**Data records**.
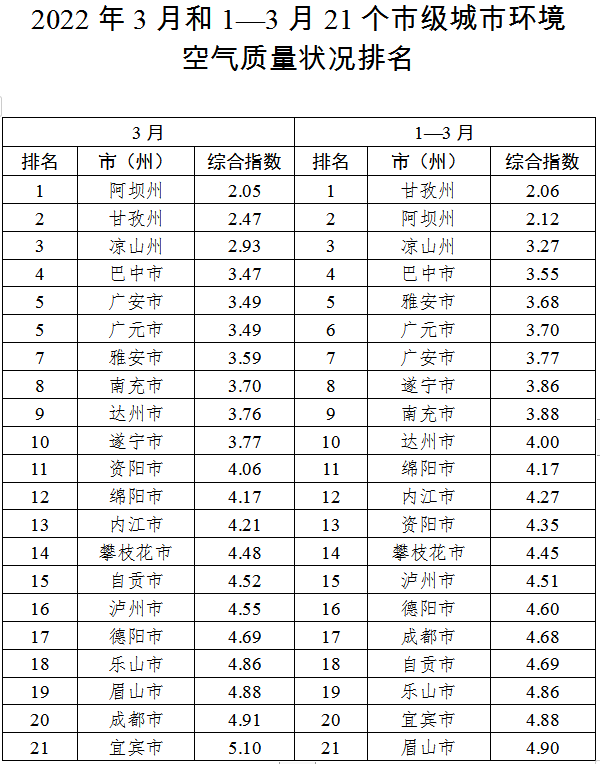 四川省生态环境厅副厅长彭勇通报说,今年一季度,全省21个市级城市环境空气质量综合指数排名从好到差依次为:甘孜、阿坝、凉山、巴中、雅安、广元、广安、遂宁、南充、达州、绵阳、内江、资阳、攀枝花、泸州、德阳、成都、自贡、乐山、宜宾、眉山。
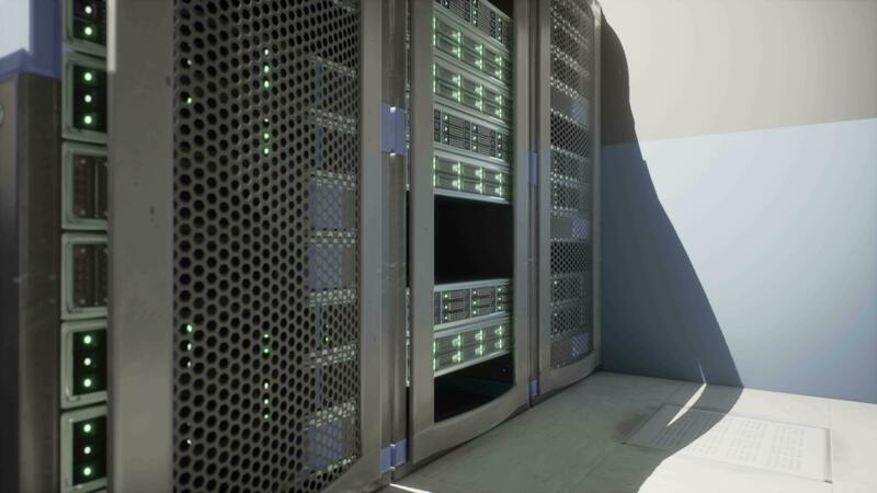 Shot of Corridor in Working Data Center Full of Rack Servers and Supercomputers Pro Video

---

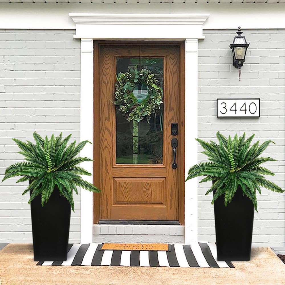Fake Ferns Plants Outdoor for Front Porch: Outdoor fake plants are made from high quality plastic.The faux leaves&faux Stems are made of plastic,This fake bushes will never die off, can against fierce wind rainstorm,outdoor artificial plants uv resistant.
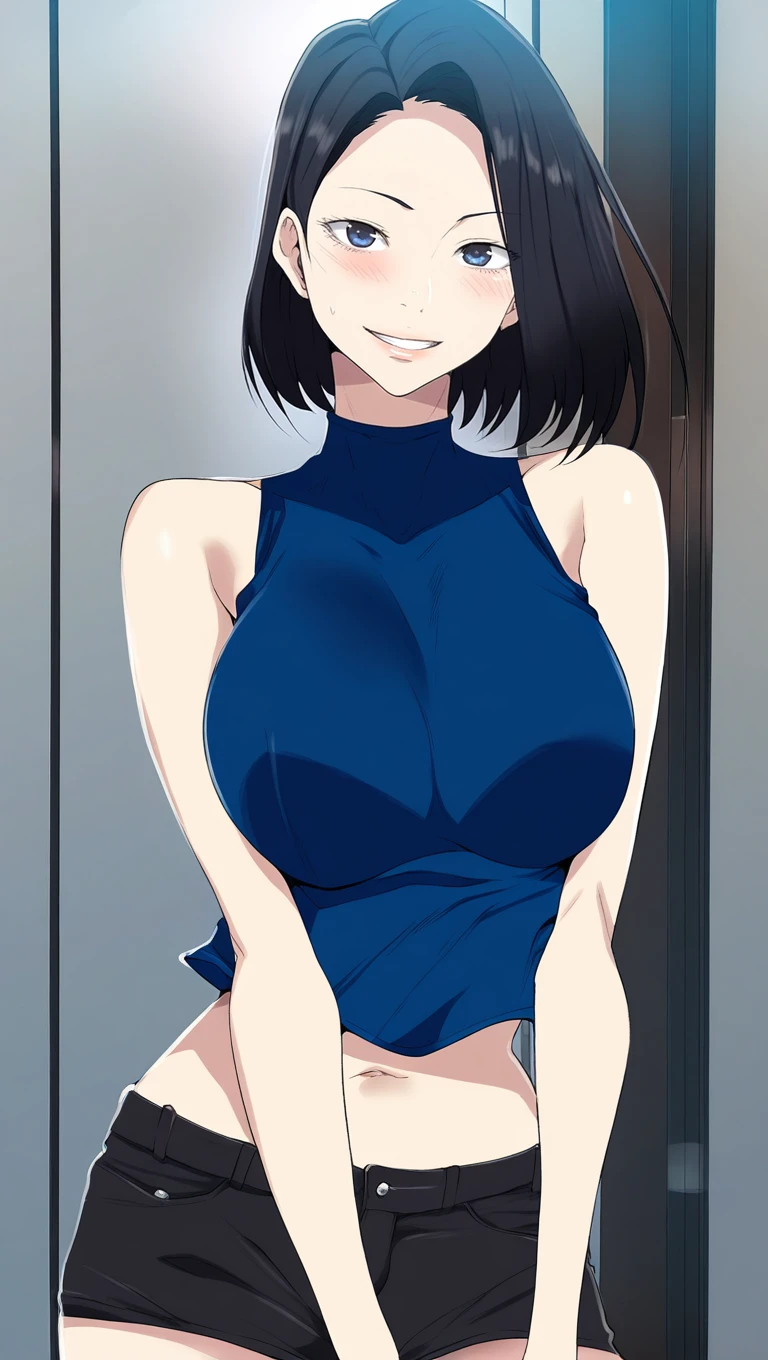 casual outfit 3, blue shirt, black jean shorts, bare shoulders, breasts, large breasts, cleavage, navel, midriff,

**Exercise directions**. Every line above from the one with "四川省生态环境厅副厅长彭勇通" down to the one with "Shot of Corridor" must be written out exactly, and no picture may appear.

**Answer box**.
 四川省生态环境厅副厅长彭勇通报说,今年一季度,全省21个市级城市环境空气质量综合指数排名从好到差依次为:甘孜、阿坝、凉山、巴中、雅安、广元、广安、遂宁、南充、达州、绵阳、内江、资阳、攀枝花、泸州、德阳、成都、自贡、乐山、宜宾、眉山。
 Shot of Corridor in Working Data Center Full of Rack Servers and Supercomputers Pro Video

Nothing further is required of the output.